Du tac au tac, Carles Puigdemont a répondu à M. Rajoy qu’il ferait mieux de « ne pas sous-estimer la force du peuple catalan… ».

C’est donc le droit à l’autodétermination d’un peuple multiséculaire qui a sa langue, un territoire (petit, mais clairement identifié), une conscience nationale plongeant dans l’histoire continentale européenne confronté à l’unité indissoluble d’un État-nation également multiséculaire, reconnu et soutenu tacitement par la communauté internationale, un État ibérique passé de la dictature franquiste à la démocratie à la fin des années 1970.

Galvanisés ou intimidés?

Les Catalans seront-ils galvanisés par cette démonstration de force, qui leur rappelle de très mauvais souvenirs historiques? Ou, au contraire, seront-ils intimidés et incités à rester chez eux le 1er octobre?

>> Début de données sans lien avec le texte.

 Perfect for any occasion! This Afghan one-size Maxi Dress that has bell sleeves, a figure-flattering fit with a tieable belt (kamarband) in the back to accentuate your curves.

Au cours des sept dernières années, l'appui à l'indépendantisme catalan avait bondi en flèche (de 15 % à près de 50 %), réaction directe aux messages négatifs et menaçants qui provenaient constamment de Madrid… Mais aujourd’hui, au moment où se rapproche l’échéance et où l’offensive espagnole se concrétise, la lassitude et la peur peuvent aussi être des facteurs contraires.

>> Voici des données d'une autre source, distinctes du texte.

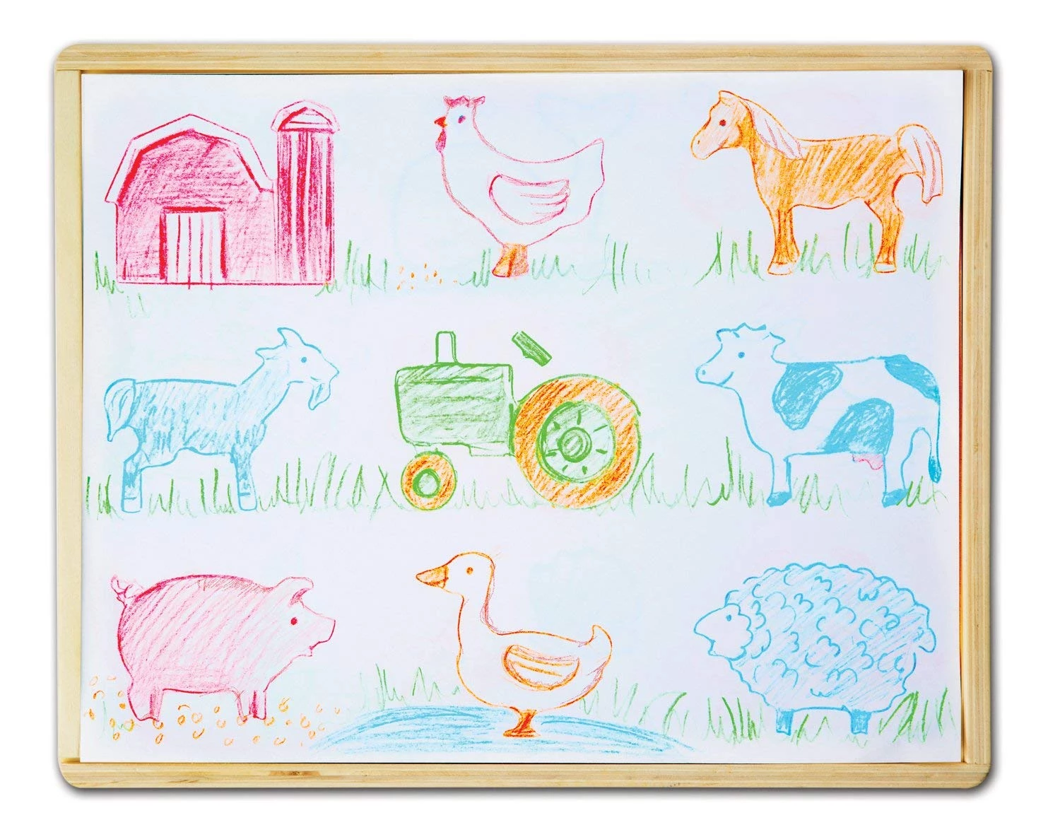 У наборі 27 тематичних трафаретів (корова, трактор, машина, собака, акула і восьминіг) і 4 кольорових олівця.

Rajoy ne l’ignore pas : en mobilisant les gros muscles de l’État contre une minorité rétive, il table sur la peur… en restant sur le registre de légalité stricte, et de la force pour l’appliquer – le seul registre qu’il connaisse.

Le numéro deux catalan, Oriol Junqueras – dont l’adjoint principal a été arrêté et inculpé jeudi – a reconnu que l’offensive de Madrid « change les conditions » de la consultation…

Dans les minutes qui ont suivi, le président Puigdemont soutenait, lui, que tout serait fait pour tenir le vote.

Mais après ce coup de massue, la question se pose de savoir comment, physiquement, un scrutin crédible peut être encore organisé le 1er octobre.

La répression ne stoppe pas les manifestants; elle cause l’indignation à la grandeur de la Catalogne – même chez les non-indépendantistes qui auraient voulu voter. Mais elle a atteint son objectif premier : bloquer physiquement les procédures de vote; paralyser le gouvernement de Barcelone.

Les autorités centrales ont apparemment réussi à saboter le référendum en Catalogne. Mais ce sera peut-être au prix d’une blessure et d’un divorce moral avec la majorité des Catalans... divorce qui pourrait revenir hanter l’Espagne plus tard.